Top advisory firms on Wall Street, including Morgan Stanley, Bank of America, and Citigroup, are turning to job cuts as the slump in IPOs and mergers deepens this year. Morgan Stanley, according to a source with knowledge of the plans, is set to eliminate approximately 3,000 positions by the end of June. These cuts equate to roughly 5% of the New York-based bank's workforce when excluding the financial advisors and support staff who will be spared in the cuts.

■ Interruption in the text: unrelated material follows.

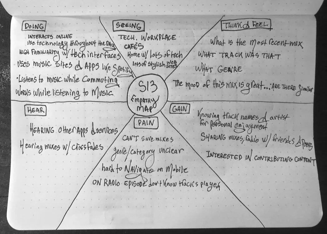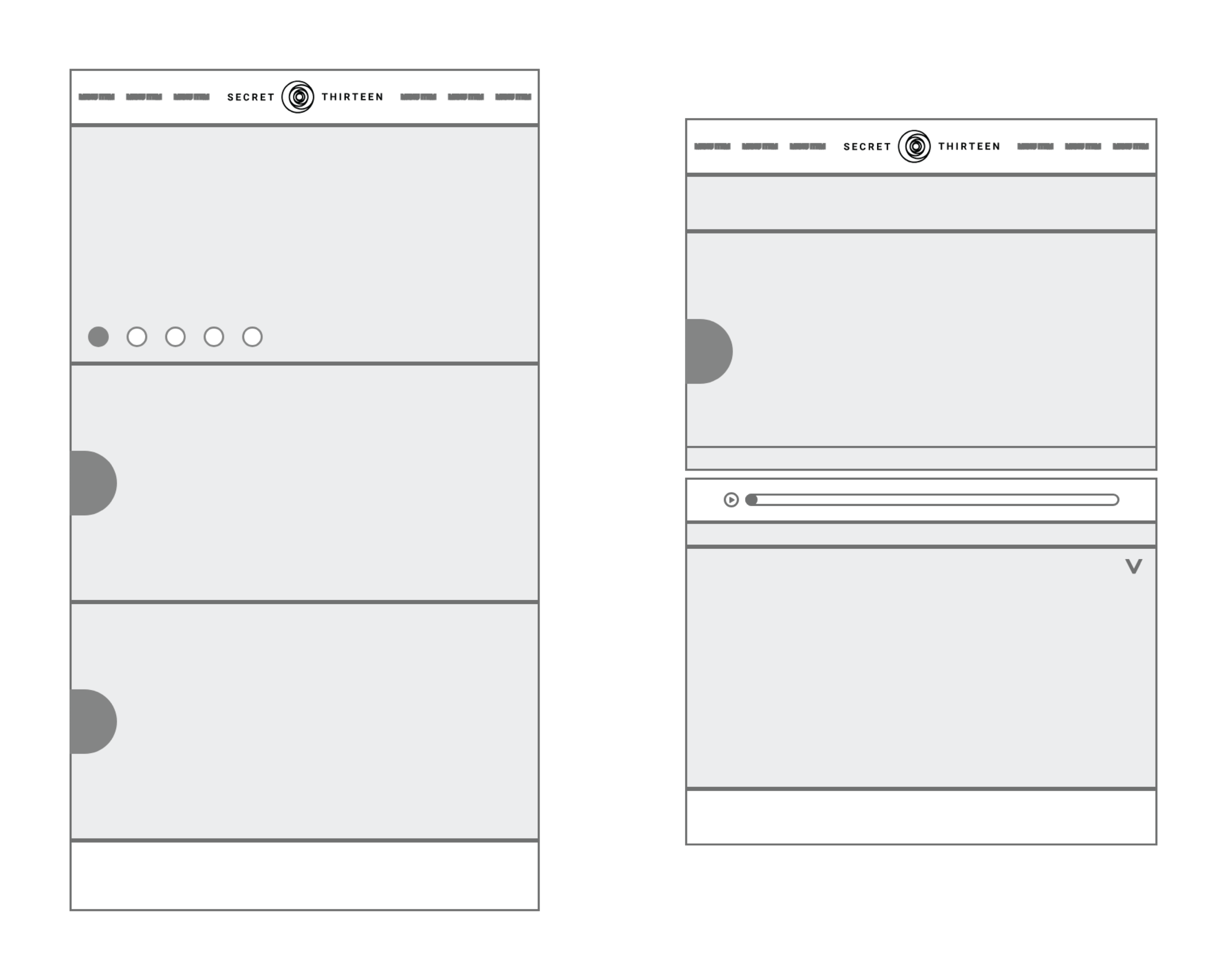 Consistent with the needs of the site and my research I determined the two most important tasks for users to perform. Task 1 was the same whether you were navigating to DJ mixes or radio episodes, so I combined them. Task 2 included all the other forms of navigation from the homepage to the rest of the Secret 13 content.

The banking and trading staff are expected to be impacted the most by the layoffs, as Bloomberg reported earlier. The pandemic's historic boom in deals was followed by a bust that began last year after the Federal Reserve started raising rates to hit the brakes on an overheating economy. IPOs, debt issuance, and mergers that feed Wall Street have all remained muted this year, with IPO volumes 74% lower than last year, according to Dealogic data.

Morgan Stanley's job cuts demonstrate that Wall Street is wrestling with expenses as the slump drags on for longer than expected. The bank already reduced about 2% of its workforce in December, as reported by CNBC. In particular, the rising costs and falling revenue in the firm's investment bank and wealth management division hurt profit margins.

The bank's moves aren't unique. The industry's job cuts began in September when Goldman Sachs reintroduced the practice of culling low performers. Nearly all the major Wall Street firms followed, and Goldman itself had to resort to another, deeper round of layoffs in January.

In recent weeks, Citigroup and Bank of America have cut a few hundred jobs each, relatively surgical cuts that should position the banks well when a rebound in deals finally arrives. Furthermore, Lazard, a top boutique advisor, has announced that it plans to cut 10% of its workforce this year due to restrained capital markets activity and wage inflation that pumped up salaries across banking.

In conclusion, the current job cuts on Wall Street suggest that the industry is grappling with expenses as the slump continues. It is expected that the job cuts will continue in the near future, and other top advisory firms may follow suit to weather the impact of the prolonged slump.